Nuclear Magnetic Resonance Spectroscopy (NMR)

Nuclear Magnetic Resonance Spectroscopy (NMR) is used for the compositional analysis of organic materials. NMR utilizes the fact that certain atomic nuclei have magnetic moments and can interact with externally applied magnetic fields. These typically have odd mass numbers, such as  1H, 13C, 19F, 29Si, 15N. When subjected to a strong constant external magnetic field, these magnetic moments get aligned with (parallel) or opposed to (anti-parallel) to the applied field. The parallel orientation represents a lower energy state relative to the anti-parallel alignment. If the nuclei are now subjected to electromagnetic radiation in the Radiofrequency (RF) range, the lower energy nuclei absorb energy and at a resonant frequency, their alignment flips-over (spin-flip) to the higher energy state. The resonant frequency depends on the type of nuclei and bonding environment as well as the applied magnetic field. Hence NMR provides information on composition and structure of molecules in the sample. In NMR spectrometers, organic compounds are placed in magnetic fields ranging from about 1.4 to 18.0 tesla (T).

The NMR spectrometry procedure involves placing a sample in a strong magnetic field and then exciting the sample using pulsed Radiofrequency waves of the appropriate frequency range. At resonant frequencies, the spin-flip of various nuclei is picked up by a detector. The respective resonant frequencies and absorbance intensities are recorded as peaks in the NMR spectrum. It must be noted that NMR detects only the nuclei with magnetic moments. For example, magnetic isotopes of elements such as 1H, 13C, 19F, 29Si, 15N, yield high-resolution NMR spectra at their resonant frequencies. Hence, in a typical organic compound having Carbon backbone and covalent bonds with Hydrogen, NMR targets only the magnetic 13C nuclei and the surrounding Hydrogen atoms (Protons), to infer the structure. This process requires computer analysis, using a reference database. Proton NMR is an important form of NMR for structural analysis, since Hydrogen atoms absorb energy of different wavelengths depending on their bonding environment.

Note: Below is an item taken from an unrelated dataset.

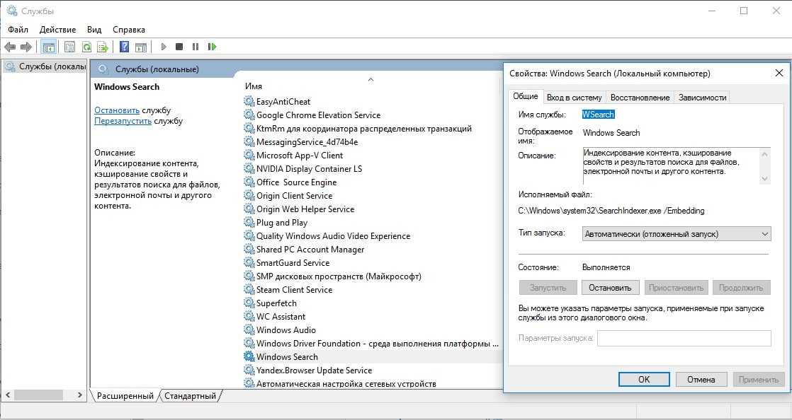 - Ищем службу Windows Search, нажимаем на нее двойным кликом и выбираем «Запустить».
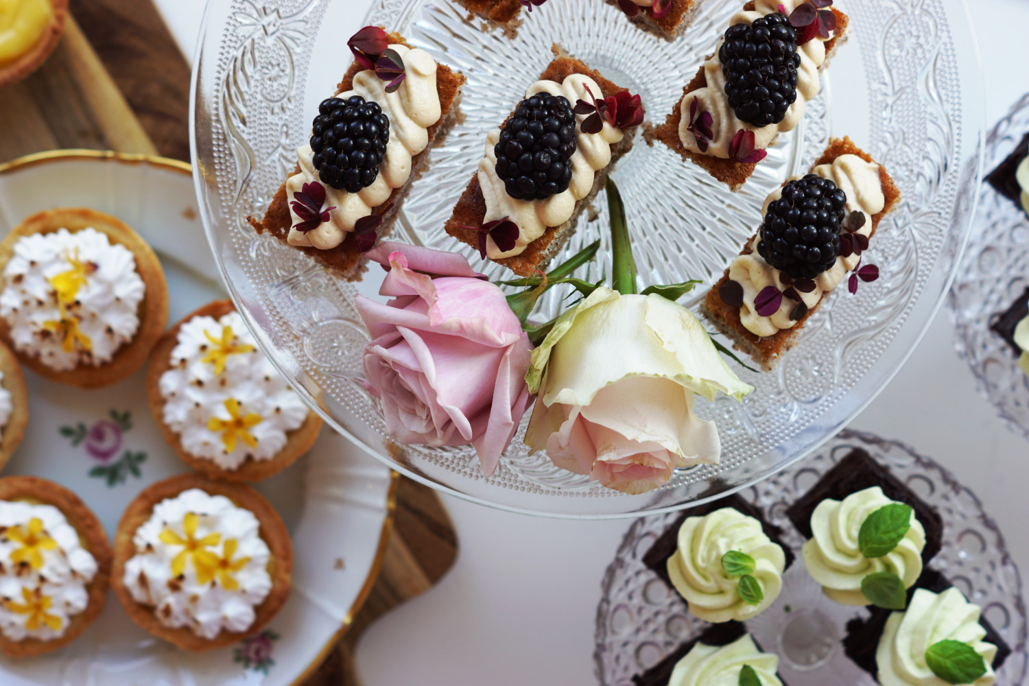 - Tilfør ekstra elegance til bordet ved at stikke roser ind mellem de forskellige kager. Forsegl evt. stilken med husholdningsfilm, så der ikke kommer saft fra stilken på maden.

NMR can be applied to substances in liquid solution or in solid state. When NMR spectroscopy is performed on solids, it is termed Solid State NMR. Polymers and plastics are examples where Solid State NMR has been used. In such cases, magnetized Protons distort the 13C signal, which is resolved by heteronuclear dipolar decoupling (DD). In the case of liquid solutions, Deuterated solvents are used, in which all Protons have been replaced by Deuterium. This avoids signal distortion by magnetic Protons in the solvent.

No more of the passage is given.